_EXERCISE INPUTS_
■ ■ ■ ■

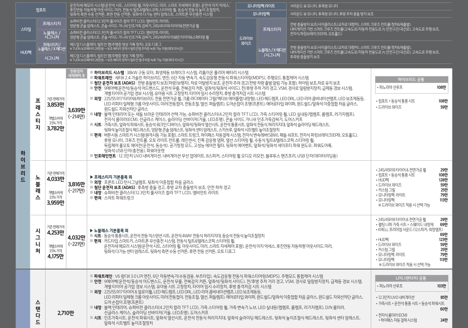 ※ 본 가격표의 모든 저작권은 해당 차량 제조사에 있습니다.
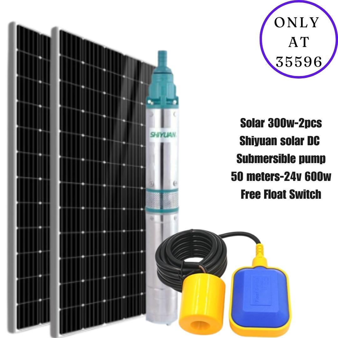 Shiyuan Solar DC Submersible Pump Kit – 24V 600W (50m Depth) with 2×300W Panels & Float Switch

■ ■ ■ ■

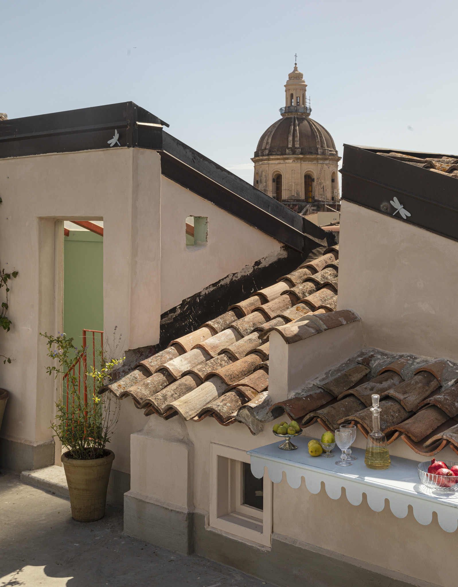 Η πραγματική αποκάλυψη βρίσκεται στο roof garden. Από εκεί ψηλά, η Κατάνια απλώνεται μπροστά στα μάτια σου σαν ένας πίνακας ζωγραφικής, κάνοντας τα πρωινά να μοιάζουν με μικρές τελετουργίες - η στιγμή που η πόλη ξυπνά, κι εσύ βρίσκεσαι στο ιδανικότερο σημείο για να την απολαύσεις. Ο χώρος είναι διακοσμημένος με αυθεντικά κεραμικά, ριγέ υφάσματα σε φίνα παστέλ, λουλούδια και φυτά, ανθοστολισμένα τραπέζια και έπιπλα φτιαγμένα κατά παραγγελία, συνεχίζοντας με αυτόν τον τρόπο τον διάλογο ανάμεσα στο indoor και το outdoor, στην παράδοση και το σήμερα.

■ ■ ■ ■

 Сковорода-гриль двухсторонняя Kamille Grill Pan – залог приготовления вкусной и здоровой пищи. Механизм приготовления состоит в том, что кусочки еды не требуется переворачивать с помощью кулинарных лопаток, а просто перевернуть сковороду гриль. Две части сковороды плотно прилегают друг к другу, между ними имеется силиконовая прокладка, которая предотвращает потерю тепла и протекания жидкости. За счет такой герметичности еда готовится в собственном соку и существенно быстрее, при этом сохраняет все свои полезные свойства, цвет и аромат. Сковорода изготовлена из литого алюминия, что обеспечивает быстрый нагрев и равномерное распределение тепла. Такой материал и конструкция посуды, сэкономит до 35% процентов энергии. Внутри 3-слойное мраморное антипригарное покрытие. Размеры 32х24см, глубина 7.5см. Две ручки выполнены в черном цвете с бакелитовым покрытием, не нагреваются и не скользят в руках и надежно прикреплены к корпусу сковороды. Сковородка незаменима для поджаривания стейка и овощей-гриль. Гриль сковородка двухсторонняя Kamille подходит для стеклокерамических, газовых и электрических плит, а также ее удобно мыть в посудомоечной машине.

■ ■ ■ ■

_WHAT TO PRODUCE_
Within the material above, find the part that opens with the line containing "차량 제조사에 있습니다." and closes with the line containing "Shiyuan Solar DC", and reproduce it exactly without the pictures.

_RESPONSE FOR THIS EXERCISE_
 ※ 본 가격표의 모든 저작권은 해당 차량 제조사에 있습니다.
 Shiyuan Solar DC Submersible Pump Kit – 24V 600W (50m Depth) with 2×300W Panels & Float Switch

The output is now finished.